_Directions_:
Nothing but the lines from the top of the records through the line with "Mermaid-style dress with" should be returned, exactly, and without pictures.

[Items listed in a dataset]
---------------

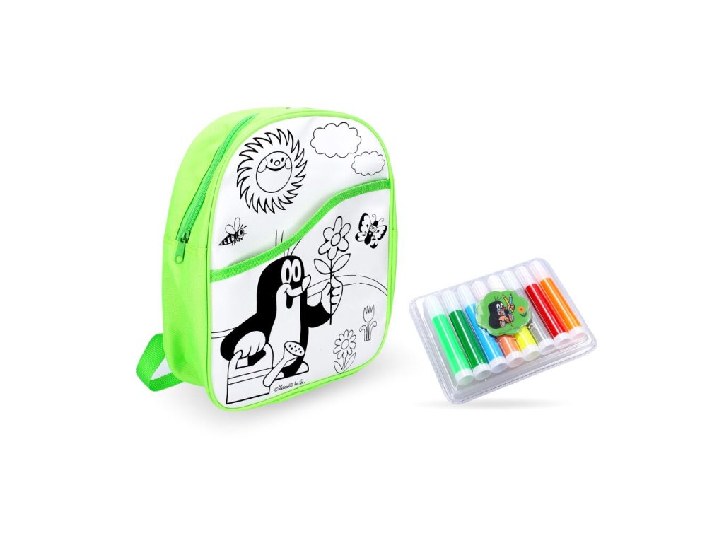 🎨 Rozvíjejte kreativitu a fantazii s vymalovávacím batohem Krteček! Tento barevný batoh v zelené barvě můžete sami vybarvit a vytvořit tak unikátní originální doplněk 🌟.
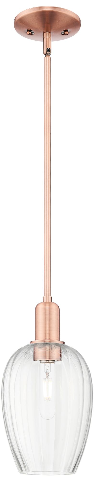 Preston 6"W Antique Copper Stem Mini Pendant With Flute Clear Shade
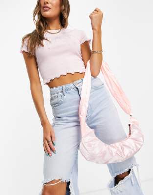 SVNX - Schoudertas van gerimpeld satijn in lichtroze
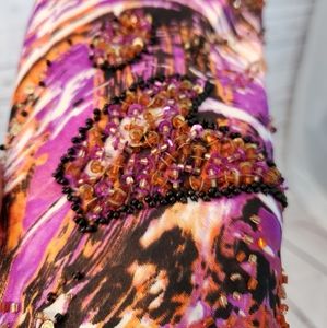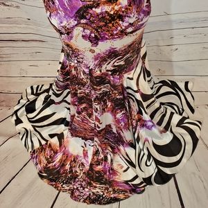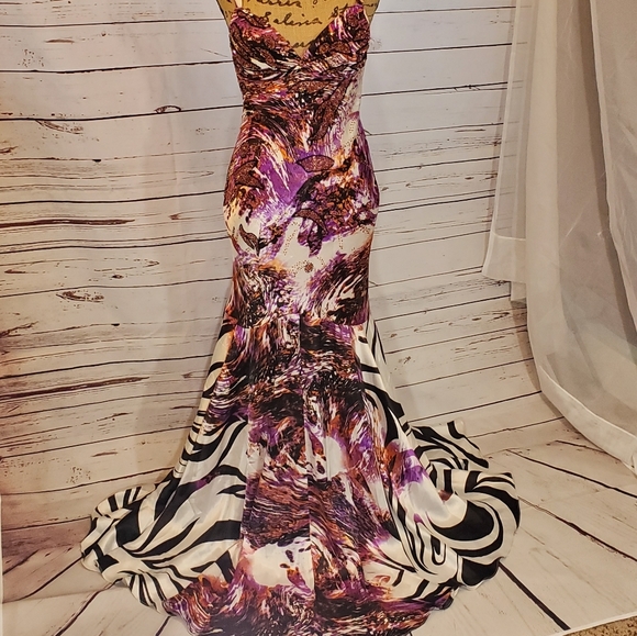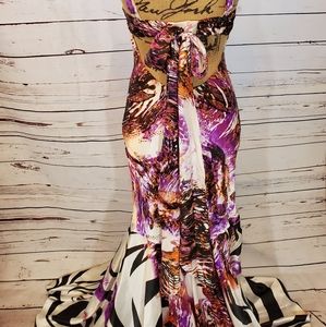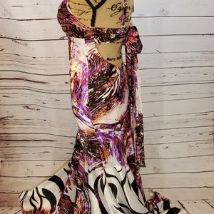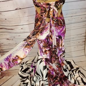 Mermaid-style dress with beautiful beadwork. Built-in bra. Straps are adjustable. Zippered back. Bra clasps in back (adjustable) and sash ties over the clasps to cover. Full skirt. Unique zebra markings. Plunging back. 100% Polyester. Lined. Satin finish. Professional spot clean only.
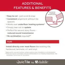 QuicTile by Daltile 12 in. x 24 in. porcelain floor tile in Enchanting Marble is tile reinvented. With the patented floating floor system, you can install real porcelain tile in one day. It takes just three easy steps – lay down underlayment, click the tiles together, and grout and go. It’s quick, it’s easy, and it’s beautiful. The Enchanting Marble tile is a classic white and gray marble look that embodies luxury and gives any room a refined look. QuicTile offers maximum durability; it’s waterproof, stain-proof, dentproof and scratch-resistant. Use this marble look in a bathroom or entryway to bring classic elegance to your home.
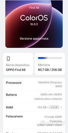 vendo Oppo find X8 versione global 12 GB RAM 256 GB memoria
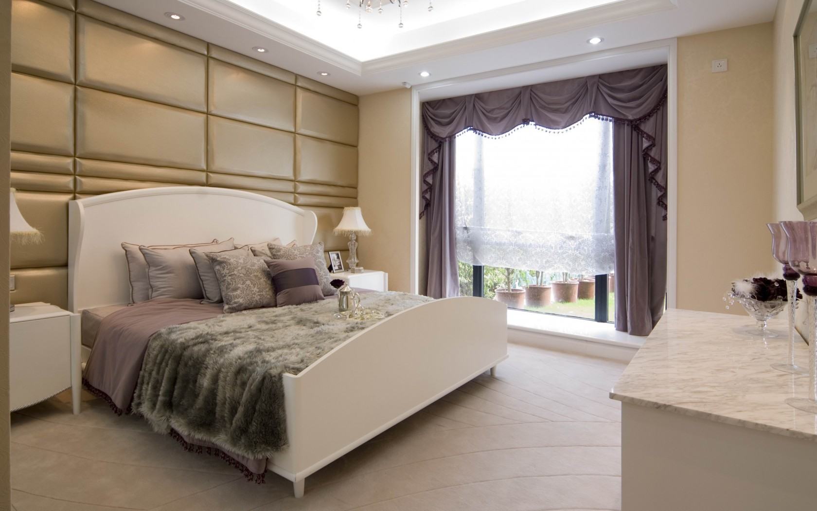 L'un des mouvements de conception les plus populaires pour une grande chambre est la décoration dans des tons clairs, parfois absolument blancs, dans une pièce avec des fenêtres panoramiques. Cette combinaison met l'accent sur la taille de la chambre, sa propreté, son élégance.

---------------

_Response for this exercise_:
 🎨 Rozvíjejte kreativitu a fantazii s vymalovávacím batohem Krteček! Tento barevný batoh v zelené barvě můžete sami vybarvit a vytvořit tak unikátní originální doplněk 🌟.
 Preston 6"W Antique Copper Stem Mini Pendant With Flute Clear Shade
 SVNX - Schoudertas van gerimpeld satijn in lichtroze
 Mermaid-style dress with beautiful beadwork. Built-in bra. Straps are adjustable. Zippered back. Bra clasps in back (adjustable) and sash ties over the clasps to cover. Full skirt. Unique zebra markings. Plunging back. 100% Polyester. Lined. Satin finish. Professional spot clean only.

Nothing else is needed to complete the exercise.